Blogs are not inherently social. They have no knowledge of relationships between humans, and therefore are hindered in facilitating social interaction, other than through broadcast (or broadcast within a private group). A well-designed Facebook application, on the other hand, is inherently social because it has knowledge of the relationships among each of its users, automatically. That is true social software.

Frank Jania

It's very tempting (and probably too easy) to get into a debate over the semantic intricacies of the term "social software".

But as with a lot of things that are tempting and easy, its probably not worthwhile. :-)

I missed a good portion of the Lyons/Gotta twitt-off last week so I might be short on the context needed to know the rationale behind this post... Given that I'll share my thoughts on social software, and what distinctions the term carries for me.

I'm influenced heavily by some of the writing / speaking that Tom Coates and Stowe Boyd have done. In short short summary, I see social software as a set of tools that help us connect to other people, and build aggregate value.

I don't take as strict a view on the presence of a social graph as Mike Berkley does, so by "connect" I'll include as liberal a definition as the fact that I feel more connected to Sam, Mike B and Mike G for having been part of this conversation.

As for aggregate value, the fact that the post is public and this conversation is happening in public points to an aggregate value that can't be duplicated in email. That is, I'm not likely to happen across an email containing the same conversation if it's not addressed to me directly.

The word social holds a distinction to me that indicates that sharing, in as public as possible a forum, is the application's default mode of operation.

To support the distinction by contrast, I'd identify a class of tools called collaboration tools. These tools help us coordinate and communicate around a goal. The goal is a central distinction in my mind.
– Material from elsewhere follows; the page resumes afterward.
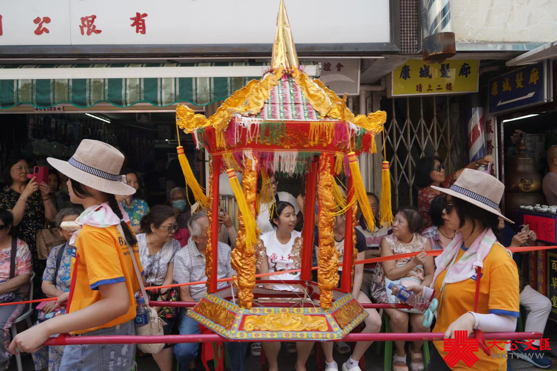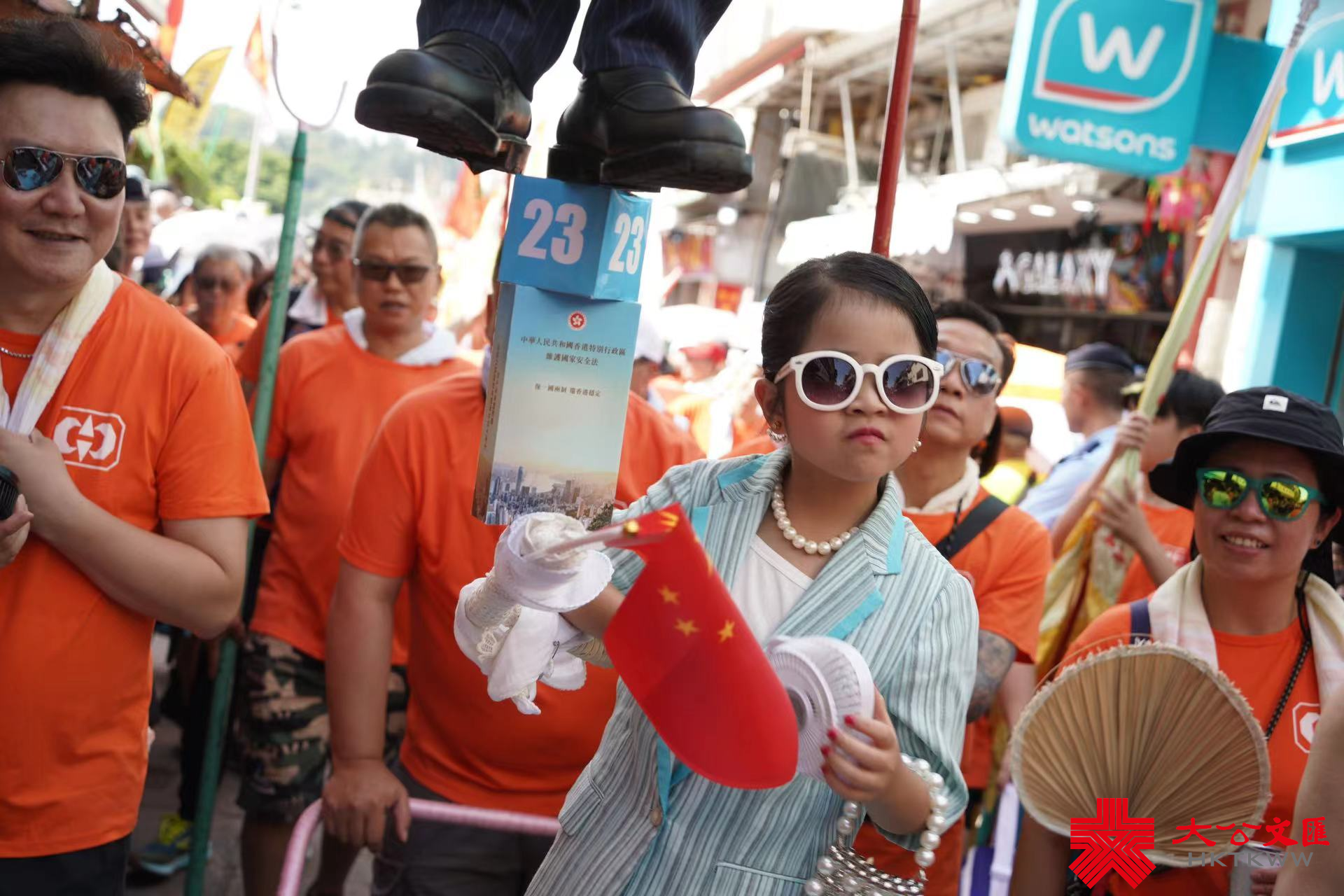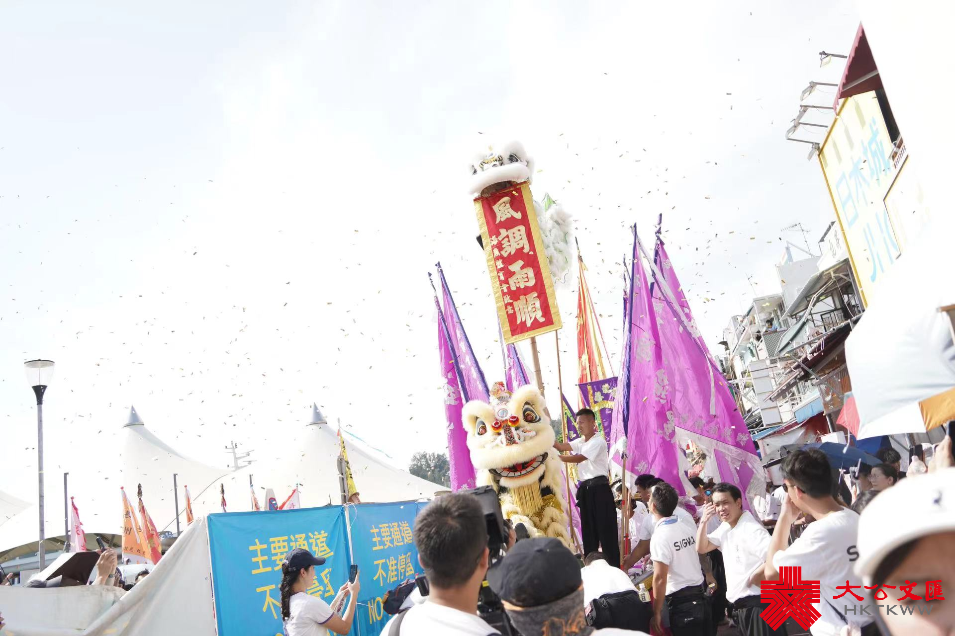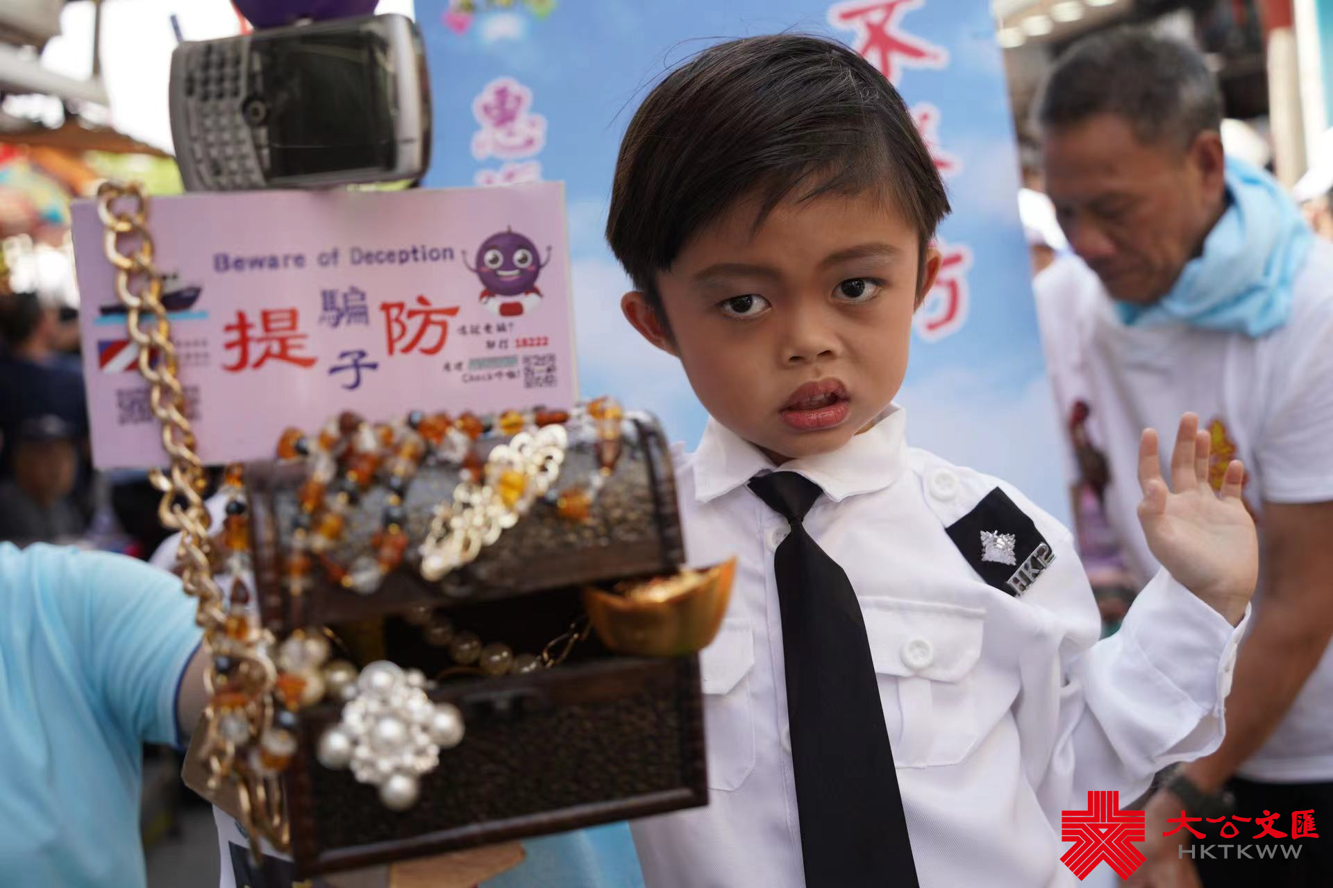 大公文匯全媒體報道,長洲年度盛事太平清醮今日(15日)舉行,其中的重頭戲之一飄色巡遊提早於下午1時半隆重上演。巡遊隊伍由麒麟領頭,從北帝廟遊樂場出發,一眾被稱為「色芯」小演員裝扮成各樣角色粉墨登場,神氣活現,沿途吸引大批市民「朝聖」。

When I type an email, I likely have some goal in mind. It might be to ask a person to do something, or to inform some particular group of a particular fact, to reconnect with a friend, etc. This is contrasted by the way I use last.fm, or delicious, or my blog.

In those cases I'm sharing without a goal, and I'm not looking to coordinate other people around that goal. (I may of course have an agenda - perhaps I listen to a lot of unfamiliar R&B music hoping that when it's posted on last.fm someone I'm interested in will notice me - but that is not a "goal") However if, assuming I'm listening to whatever music I normally do, someone notices that we have the same taste and recommends a new artist to me we've accomplished something that neither of us set out specifically to do. This scenario is key.

While I can't speak for all vendors I can speak for myself. I've been a social software evangelist for the last two years. I make the distinction to my audiences as I've described because they are very used to working with directed media like email and don't always see its inefficiencies when overused and misused.

Describing the class of software where people share in the open by default and then benefit in possibly unanticipated ways as "social software" seems to resonate with the folks that I've talked to. Personally I think that the classification also encourages others to see how they can design tools that support open interaction as well.

anie

Hi, I'm new in this social software thing, and trying to find its definition, but everytime I try to define and come up with some examples, it gets stuck.

Groupware, CSCW, and social software. What are the difference? Are they successors and predecessors? Or, is one subpart of another? Or, are they just the same thing with different names? Some people still consider they're the same, but why creating new name for the same thing, isn't it useless?

I also don't get the exact point why people connecting social software with web 2.0? Because I think it doesn't refer to a certain technology.